Annotation from the object's `rowData` and `colData` can be plotted simply by specifying the column name (some will be shown by default if found):
```{r}
sehm(SE, genes=g, scale="row", anno_rows="meanTPM")
```

These can also be used to create gaps:
```{r}
sehm(SE, genes=g, scale="row", anno_rows="meanTPM", gaps_at="Condition")
```

The specific assay to use for plotting can be specified with the `assayName` argument.

#### Row/column ordering

By default, rows are sorted not with hierarchical clustering, but from the angle on a MDS plot, which tends to give nicer results than bottom-up hierarchical clustering. This can be disabled using `sortRowsOn=NULL` or `cluster_rows=TRUE` (to avoid any row reordering and use the order given, use `sortRowsOn=NULL, cluster_rows=FALSE`). Column clustering is disabled by default, but this can be changed with `cluster_cols=TRUE`.

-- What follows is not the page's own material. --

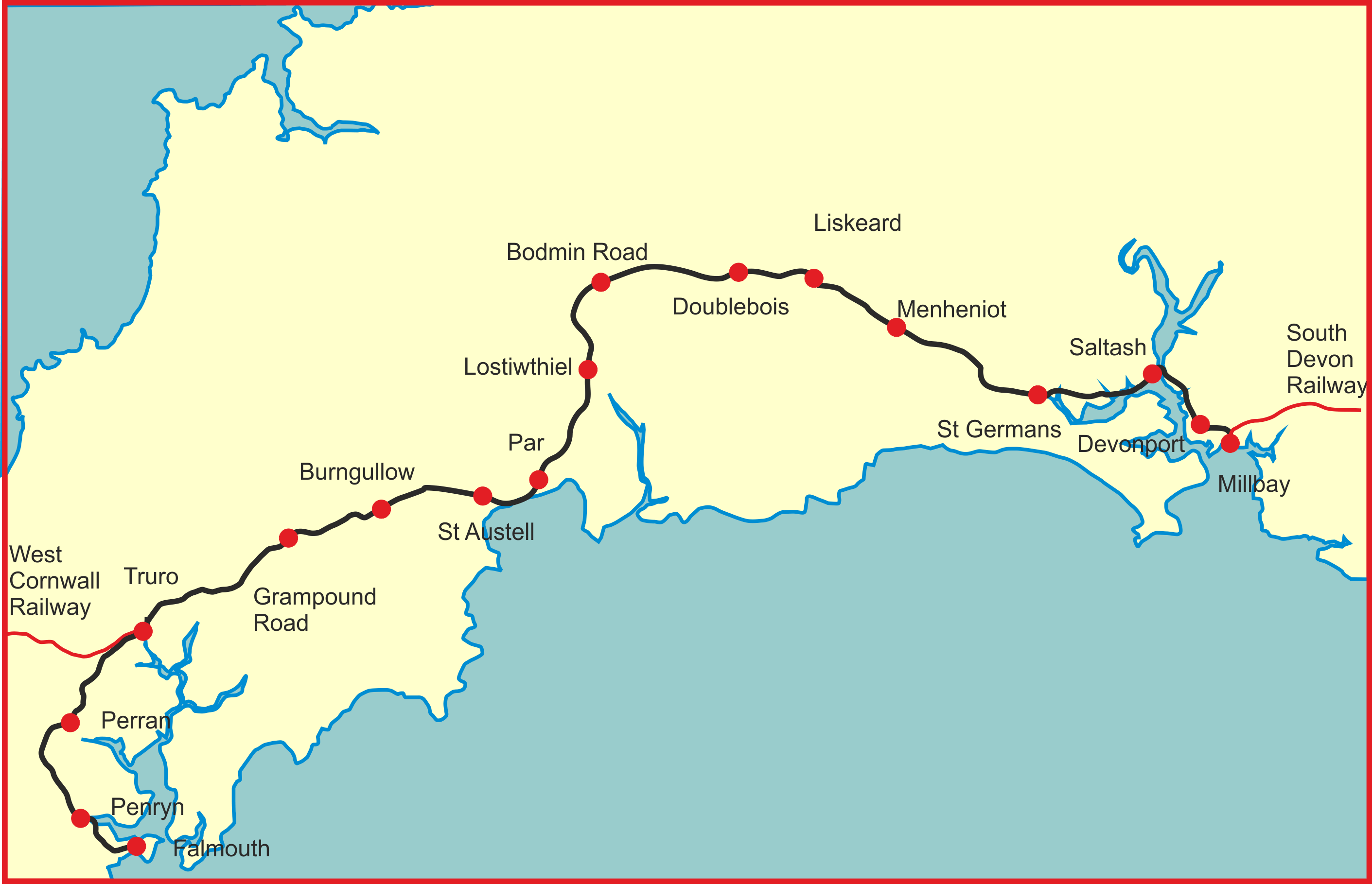 System map of the Cornwall Railway, England on opening

It is common to cluster features into groups, and such a clustering can be used simultaneously with row sorting using the `toporder` argument. For instance:

```{r}
lfcs <- assays(SE)$logcpm-rowMeans(assays(SE)$logcpm[,which(SE$Condition=="Homecage")])
rowData(SE)$cluster <- as.character(kmeans(lfcs,4)$cluster)
sehm(SE, scale="row", anno_rows="cluster", toporder="cluster", gaps_at="Condition")
```

### crossHm

Heatmaps from multiple SE can be created either by merging the objects (see below), or using the `crossHm` function, which uses the `r CRANpkg("ComplexHeatmap")` pacakge:

```{r}
crossHm( list(se1=SE, se2=SE), g, 
         anno_colors = list( Condition=c( Homecage="green",
                                          Handling="orange",
                                          Restraint="red",
                                          Swim="blue")
                            )
        )
```

### Default arguments

For some arguments (for instance colors), if they are not specified in the function call, `SEtools` will try to see whether the corresponding global options have been set, before using default colors. This means that if, in the context of a given project, the same colors are repeatedly being used, they can be specified a single time, and all subsequent plots will be affected:

```{r}
options("SEtools_def_hmcols"=c("white","grey","black"))
ancols <- list( Condition=c( Homecage="green",
                             Handling="orange",
                             Restraint="red",
                             Swim="blue" ) )
options("SEtools_def_anno_colors"=ancols)
sehm(SE, g, do.scale = TRUE)
```

At the moment, the following arguments can be set as global options:
`assayName`, `hmcols`, `anno_columns`, `anno_rows`, `anno_colors`, `gaps_at`, `breaks`.
Options must be set with the prefix `SEtools_def_`, followed by the name of the argument.
You may use `resetAllSEtoolsOptions()` to remove all global options relative to the package.

***

## Merging SEs

```{r}
se1 <- SE[,1:10]
se2 <- SE[,11:20]
se3 <- mergeSEs( list(se1=se1, se2=se2) )
se3
```

All assays were merged, along with rowData and colData slots.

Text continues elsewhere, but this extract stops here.